2008 — 10 September: Wednesday

And "Elbow" took the Mercury Prize a couple of hours ago — doubleplusgood.

It's now 00:43 and time for tonight's picture of Christa, from some point in the early 1990s, when she and Peter discovered a mutual liking for the South Coast World place near Brighton. They dragged me with them once, but I could only stand it for one evening (I'm not proud of that as I'm sure I disappointed both of them on that occasion). As I described it in October 1991 in a note to Carol: C and P have gone off to a place called South Coast World for the day. It's at the seaside near Brighton, but is basically a roofed entertainment complex with heated facility-stuffed swimming pool. It's evolved (le mot juste?) from the ex-military camps that were turned into typically British mid 1950s holiday chalet towns by one Billy Butlin after the second world war. (I don't know if they still have the red coats keeping an eye on the behaviour and decorum of the visitors...)
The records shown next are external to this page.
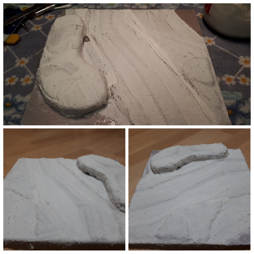 Wenn das getrocknet ist, mit groben Schleifpapier nacharbeiten, wo "nötig" und danach alles bemalen. Da bin ich aber nicht so der Künstler... Mehr der abstrakte Künstler...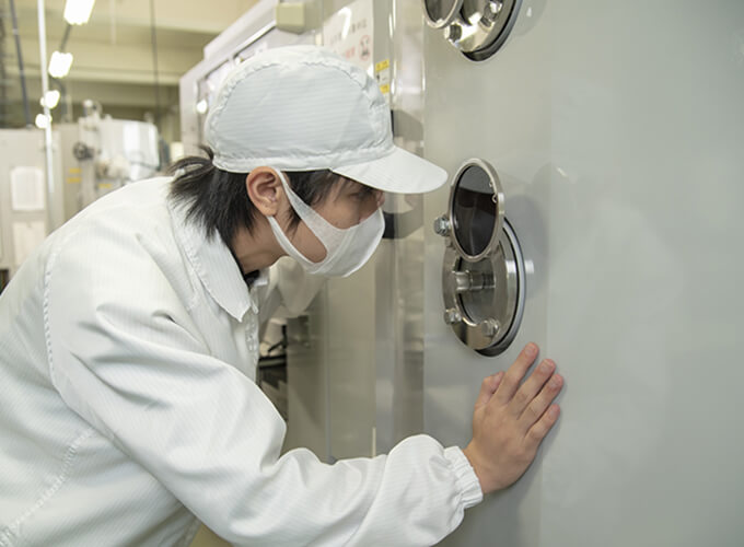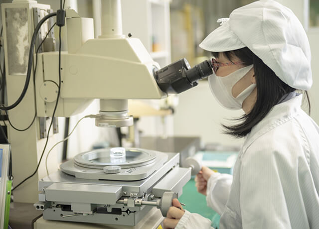 私の所属する部署では、レンズのコーティングを行っています。反射防止膜やアルミコーティングを行う事によって、様々な光の特性(反射率、徳化率)をレンズに持たせています。その中で主に生産技術を担当しており、お客様から依頼された図面や仕様書を基に、規格値の設定やコーティングの設計などを検討し、提案をしています、更に製造工程を量産へ落とし込む業務を行っています。
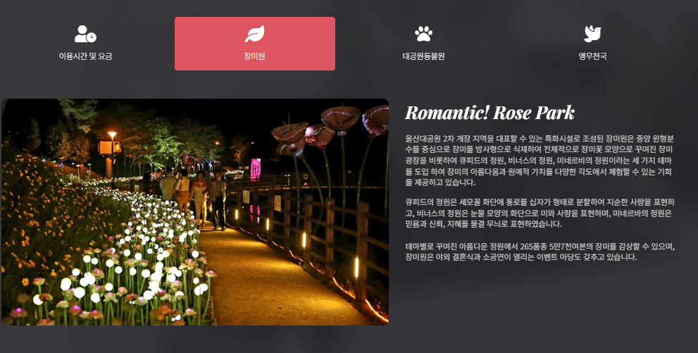 - 테마별 정원 구성: 로맨틱가든, 힐링가든 등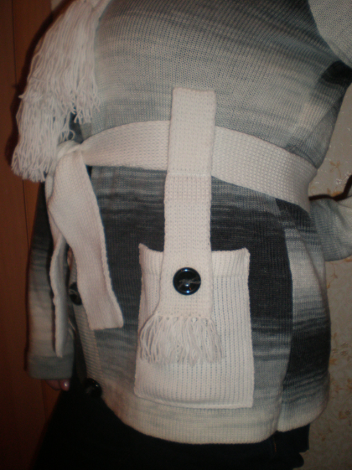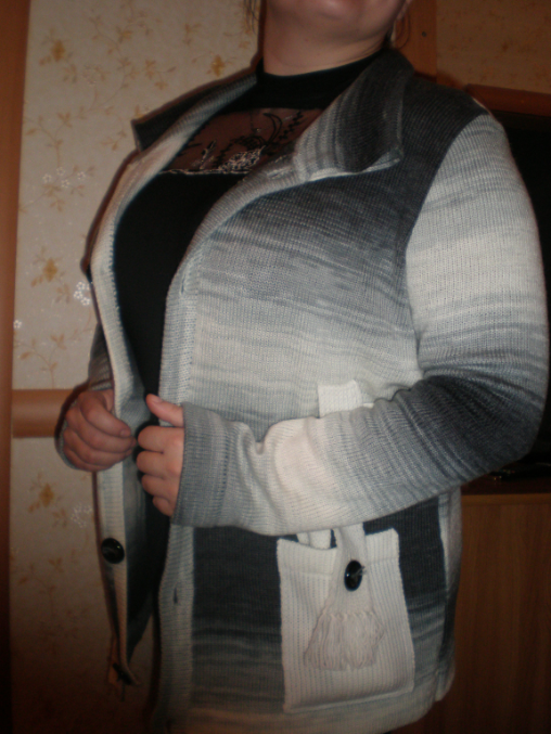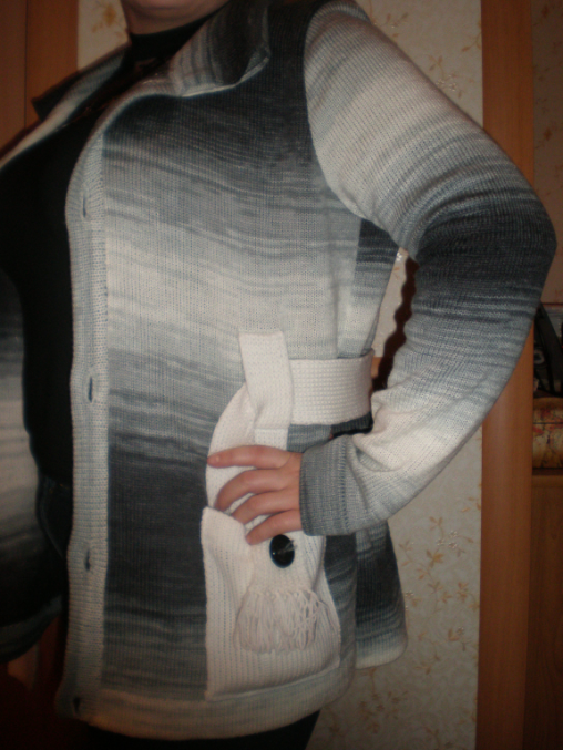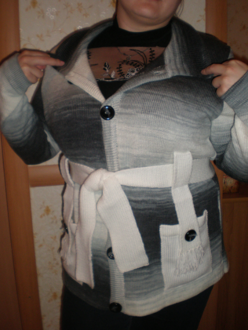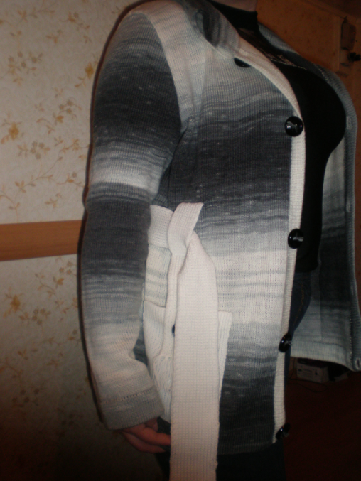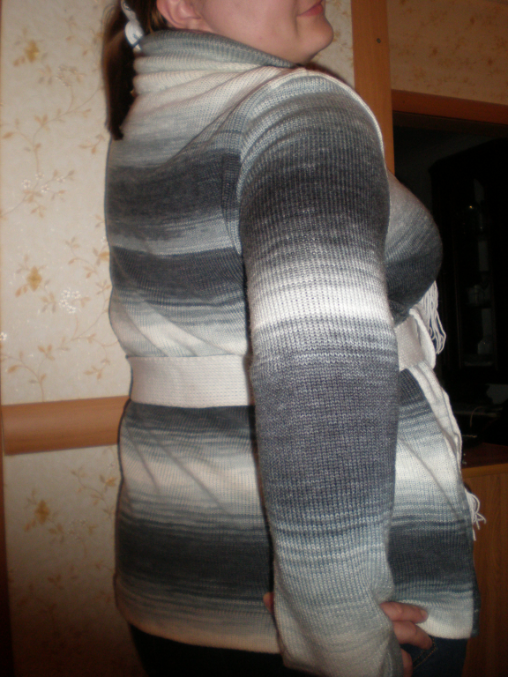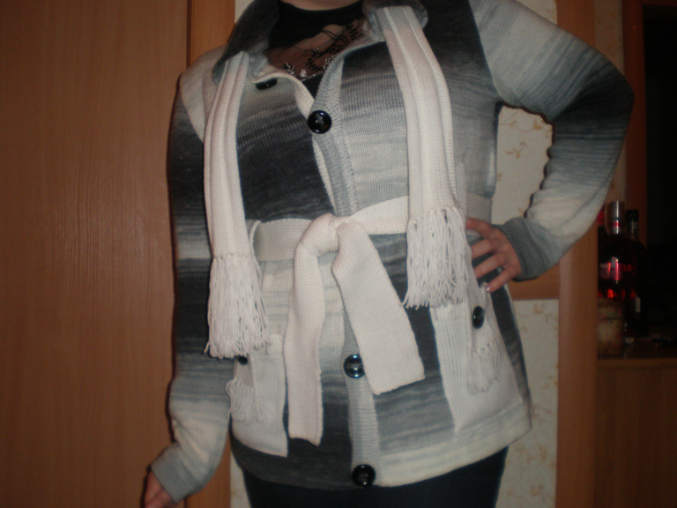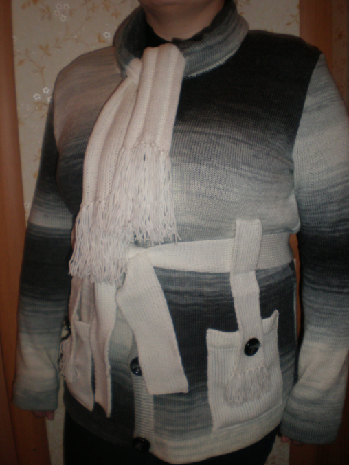 Мне нравится почти все, НО пояс считаю лишним(считаю он Вас полнит). Либо пояс должен быть черным, хотя и тогда мне кажется он будет лишним смотреться. А вообще мне Очень нравится. Обажаю простые и элегантные вещи. Расцветка замечательная, пуговицы "в тему", связан аккуратно, на совесть. Супер короче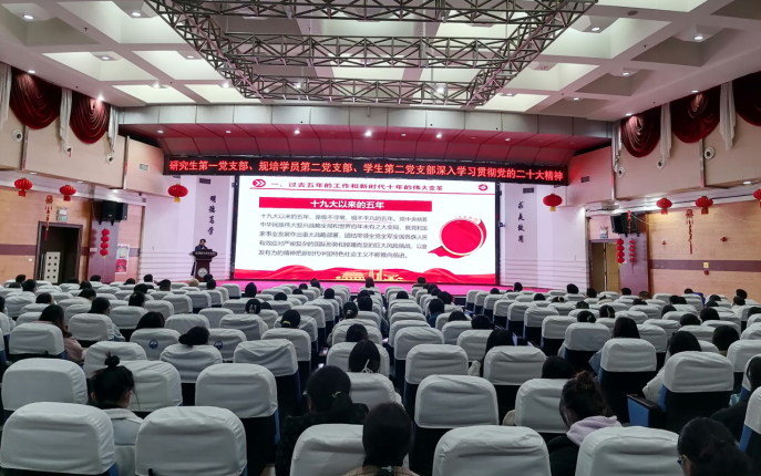 2022年11月30日下午,太阳成tyc7111cc集团副经理王东红到研究生第一党支部、规培学员第二党支部、临床医学专业员工第二党支部为全体党员作党的二十大精神专题宣讲,帮助党员同志不断加深对党的二十大精神的理解。

Christa at the coast near Brighton, early 1990s

Need to grill some sausages for the packed lunch later. So first, take them out of the freezer to defrost overnight! Done. G'night.

Big Bangers... dept.

Regardless of the LHC experiment, I've got a date with a sextet of sausages that need a good grilling. So (at 08:43) that's my first port of call this morning. Plus a cuppa, of course. Now, as I munch and slurp the healthy cardboard breakfast, there's time to admire a look back by Elaine Showalter (over 30 years later, good grief) at that wonderful campus novel Changing Places by David Lodge. (As I mentioned, I took the newly available Penguin paperback with me to read in Cornwall in September 1975 and greatly enjoyed it. Though, oddly, I remember I hated the typeface.)

Irritatingly, it is raining again, in strict defiance of the BBC's forecast last night. This may well put a kink in our walking plans today.
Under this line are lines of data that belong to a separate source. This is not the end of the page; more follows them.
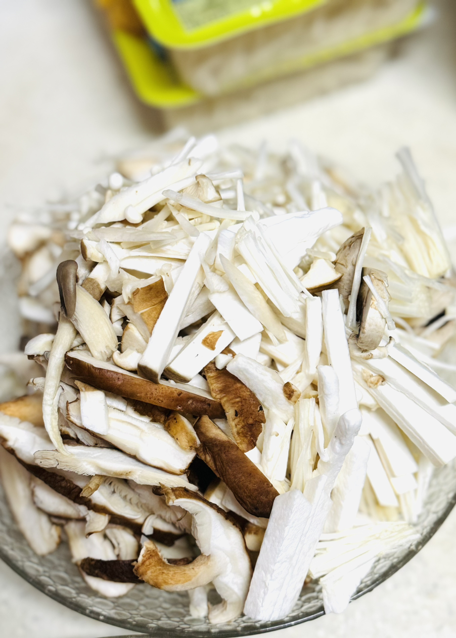 3. 각종 버섯들도 깨끗하게 씻은 뒤 먹기 좋은 크기로 자른다. 느타리버섯은 손으로 찢었다.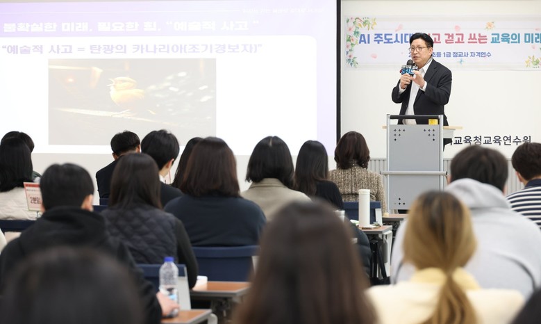 [인천 세계타임즈=심하린 기자] 도성훈 인천광역시교육감은 20일 인천교육연수원에서 ‘초등 1급 정교사 자격연수’ 대상자 87명에게 ‘AI주도시대, 읽고, 걷고, 쓰는 교육의 미래’라는 주제로 강연을 진행했다.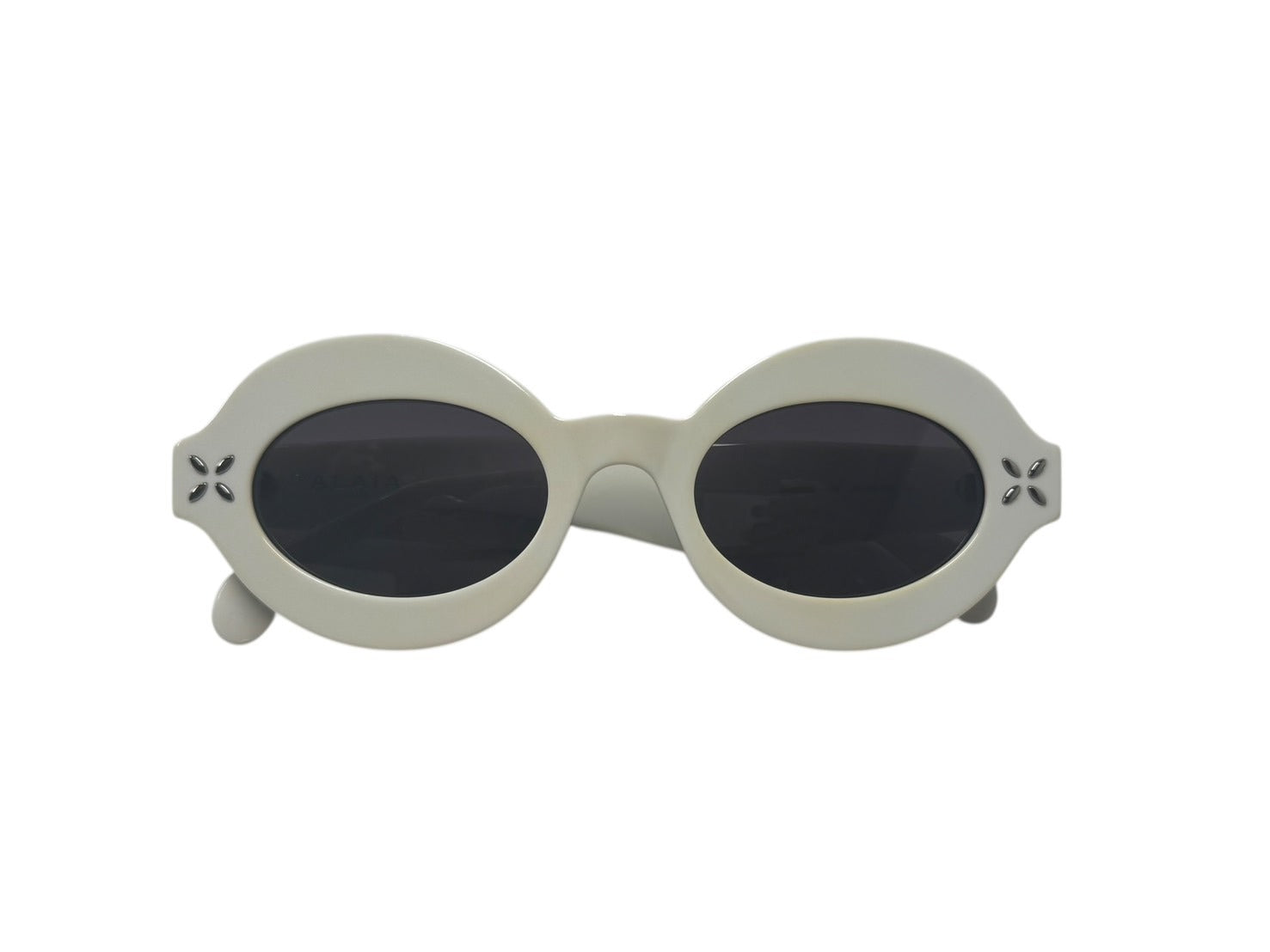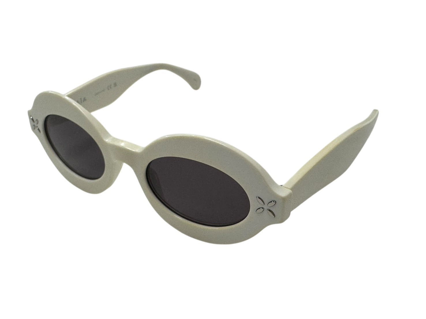 ALAIA アライア オーバル サングラス ホワイト プラスチック アイウェア 小物 49☐22-140 AA0059S シルバー金具 美品 中古 4b002292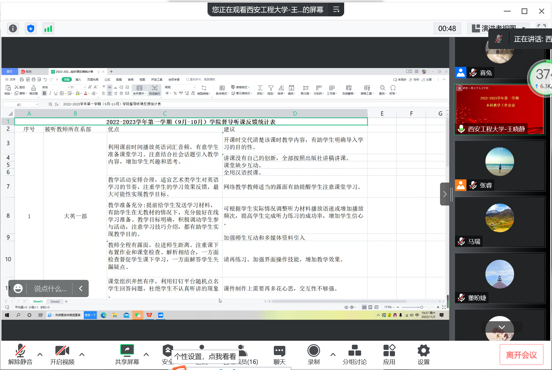 首先,王晓静副院长根据学院督导组本学期9-10月份的听课反馈意见,以系部为单位,从课堂教学的优点、缺点两个方面,将反馈结果向大家一一做了通报,以此让各系部负责人对本系部开学以来的教学现状有一个清楚的掌握。其次,她向大家汇报了我院将要举办第一届教案、讲稿大赛的计划,号召各系部主任做好动员,鼓励学院一线教师积极参加。最后,她将我院2022年目标绩效考核任务及完成情况向大家作以通报说明,并对法学辅修专业相关工作进行了详细的安排部署。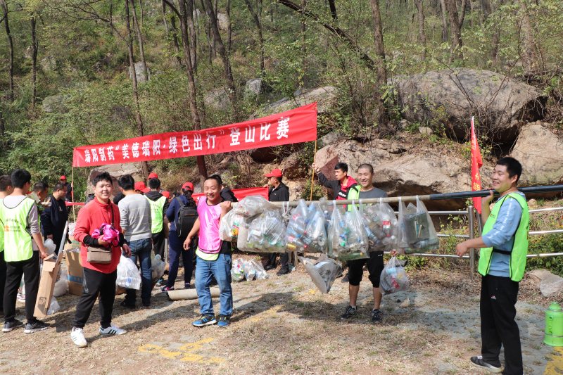 經過稱重,本次登山比賽共有383.8kg垃圾被瑞陽人從魯山各個角落匯集到山腰停車場?!笆皰黄?,成就一方美麗”,是本次登山活動全體瑞陽人對美麗魯山的美好祝愿。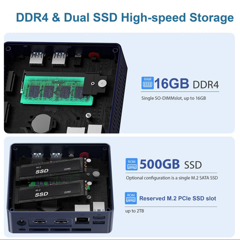 - 【16GB DDR4 + 500GB SSD】The mini pc is equipped with 16GB SO-DIMM DDR4 3200MHz for faster multitasking and smooth application switching. The 500GB M.2 NVMe SSD ensures fast boot times, rapid file transfers and ample storage space, eliminating slow loading times and ensuring snappy responsiveness. An additional M.2 PCIe 3.0 x1 interface (up to 2TB) is equipped to meet various usage needs

Aah, the sweet lure of technology!

IBM, it seems, is digitising its 50,000 technical consultants to "automate management"! Snippet:

I have a date there with Samer Takriti, a Syrian-born mathematician. He heads up a team that's piecing together mathematical models of 50,000 of IBM's tech consultants. The idea is to pile up inventories of all of their skills and then to calculate, mathematically, how best to deploy them. I'm here to find out how Takriti and his colleagues go about turning IBM's workers into numbers. If this works, his team plans to apply these models to other companies and to automate much of what we now call management.

Stephen Baker in The Numerati


My cynical emphasis, of course. The comments associated with this article are worth reading.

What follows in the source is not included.